L’effetto midterm inizia a farsi sentire. Il Senato americano, da gennaio a maggioranza repubblicana a causa della tornata elettorale del 4 novembre scorso, ha bloccato la riforma della National Security Agency, l’agenzia al centro di uno scandalo mondiale dopo le rivelazioni sui suoi programmi di ascolto fatte dall’ex contractor Edward Snowden. Ma quello sui poteri dell’intelligence non è l’unico dossier sul quale sono attesi mutamenti e cambi di programma per l’Amministrazione di Barack Obama.
FREEDOM ACT
La misura, voluta dalla Casa Bianca, per cambiare pelle all’Nsa, si chiama Freedom Act e mira a fermare la raccolta automatica di dati dalle chiamate telefoniche degli americani. Il testo non è passato per due soli consensi, ma ha avuto 58 voti invece dei 60 necessari per l’avvio della discussione.
Ogni progetto di riforma, dunque, è rinviato all’anno prossimo, quando a Capitol Hill s’insedierà il nuovo Congresso controllato interamente dal Gop. Difficile, ad ogni modo, ipotizzare che i Repubblicani smantellino l’esistente, ovvere il Patriot Act, – la legge anti-terrorismo approvata subito dopo l’11 settembre, che estende di fatto i poteri d’intervento dell’intelligence e dell’autorità giudiziaria, autorizzando controlli approfonditi a tutti i livelli – tanto più in un momento in cui l’opinione pubblica americana sembra spaventata per il rischio di attentati terroristici ad opera di una nuova minaccia, l’Isis.
NET NEUTRALITY
Alla questione della privacy ne segue una ancora più ampia, riguardante la cosiddetta net neutrality, che potrebbe costituire un’altra delusione per Obama. La White House – come ha riportato su Formiche.net Patrizia Licata – non ha avuto remore nell’indicare che la banda larga, e quindi Internet, sono beni comparabili a elettricità e acqua, una public utility, un servizio pubblico, e come tali vanno regolati. E anche se la decisione ultima spetta alla Federal Communications Commission, i Repubblicani sono da sempre schierati con le aziende della banda larga (gli Internet service provider o Isp) che ritengono che osteggiano la misura, perché ritengono che regole poco invasive siano garanzia di innovazione e investimenti continui in reti e servizi.
KEYSTONE XL
Un’altra batosta per il presidente potrebbe giungere dall’oleodotto Keystone XL, un progetto al centro di una forte polemica ambientale. Il Senato ha bocciato, ieri pomeriggio (notte in Italia), il disegno di legge che avrebbe agevolato il completamento dell’infrastruttura, che trasporterà il petrolio dalle sabbie bituminose del Canada alle raffinerie sulla costa del Golfo del Texas. Il testo ha ricevuto 59 voti favorevoli e 41 contrari, senza raggiungere i 60 utili per arrivare alla Casa Bianca. La settimana scorsa la legge era stata approvata a larga maggioranza alla Camera, dominata dai Repubblicani. Uno scenario che si riproporrà anche al Senato, dove il Gop, quando sarà in maggioranza da gennaio, ha fatto sapere che ripresenterà la legge. Obama potrebbe porre il veto presidenziale e stoppare il progetto, al quale è contrario, ma il segnale di debolezza politica sarebbe chiaro, secondo molti analisti.
TTIP
L’unico terreno reale di dialogo con i Repubblicani sembra essere quello del Ttip, il partenariato trans-atlantico per il commercio e gli investimenti.

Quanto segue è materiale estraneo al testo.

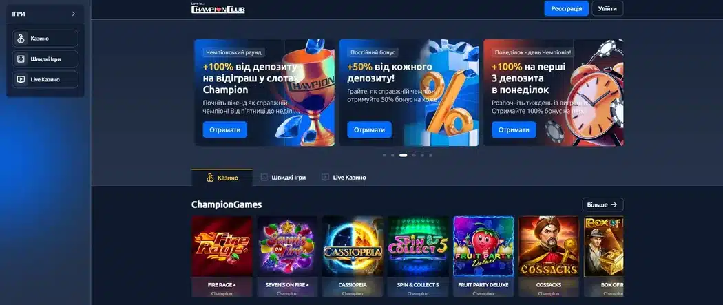 ChampionClub — це легальне українське онлайн-казино, засноване у квітні 2024 року компанією ТОВ «Маліна» та ліцензоване КРАІЛ (№ 184 від 4 квітня 2024 р.). Платформа пропонує понад 1000 ігор від 50+ провайдерів, включно з ексклюзивними розробками ChampionStudio.net, слоти, live-казино та швидкі ігри. Дизайн у синіх тонах із простим меню й пошуком, доступна гривня, депозити від 100 ₴ та вивід від 300 ₴, верифікація через Дію або BankID. Вітальний пакет до 1000 % або 299 900 ₴, регулярні акції, персональні бонуси без відіграшу, мобільна версія та PWA-додаток. Серед плюсів — легальний статус, великий вибір ігор, бонусна гнучкість, швидка підтримка; серед нюансів — обов’язкова верифікація перед виплатою та короткі строки відіграшу деяких акцій. Запитати в ChatGPT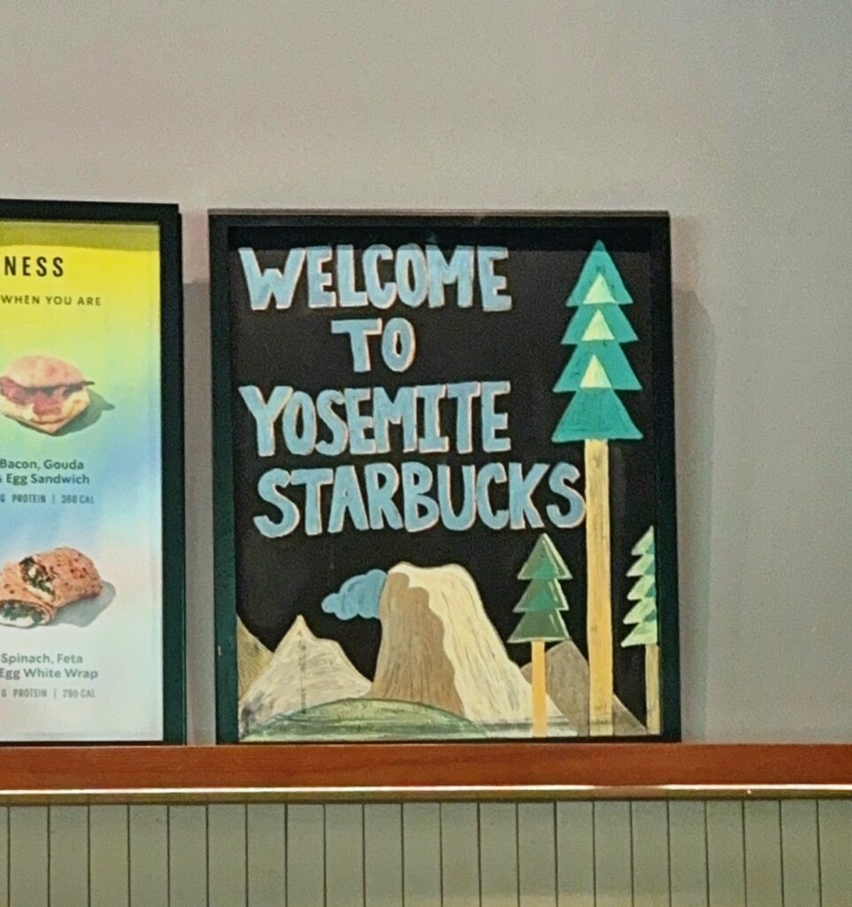 At the end of the Yosemite Valley Floor Tour, we were dropped off back at the Yosemite Valley Lodge. It was time for lunch, so we decided to eat at the lodge. The Yosemite Valley Lodge has a food court with a variety of options and there is a full Starbucks as well. I opted for a latte and a sandwich from Starbucks, but no matter what kind of food you’re in the mood for, you are sure to find something yummy here.

Finora, a frenare l’accordo, ci sono stati sì le numerose divergenze di vedute tra Usa ed Europa, ma anche i problemi interni alla politica a stelle e strisce, che hanno ostacolato non di poco le possibilità negoziali del presidente americano. Le frange più protezioniste di Capitol Hill, si trovano proprio nel partito del capo di Stato. Il Gop vedrebbe di buon occhio le maggiori opportunità commerciali che si aprirebbero per le corporation Usa a fronte di un successo del trattato (che Obama considera invece fondamentale in chiave geopolitica). Ecco perché una convergenza sul dossier appare possibile.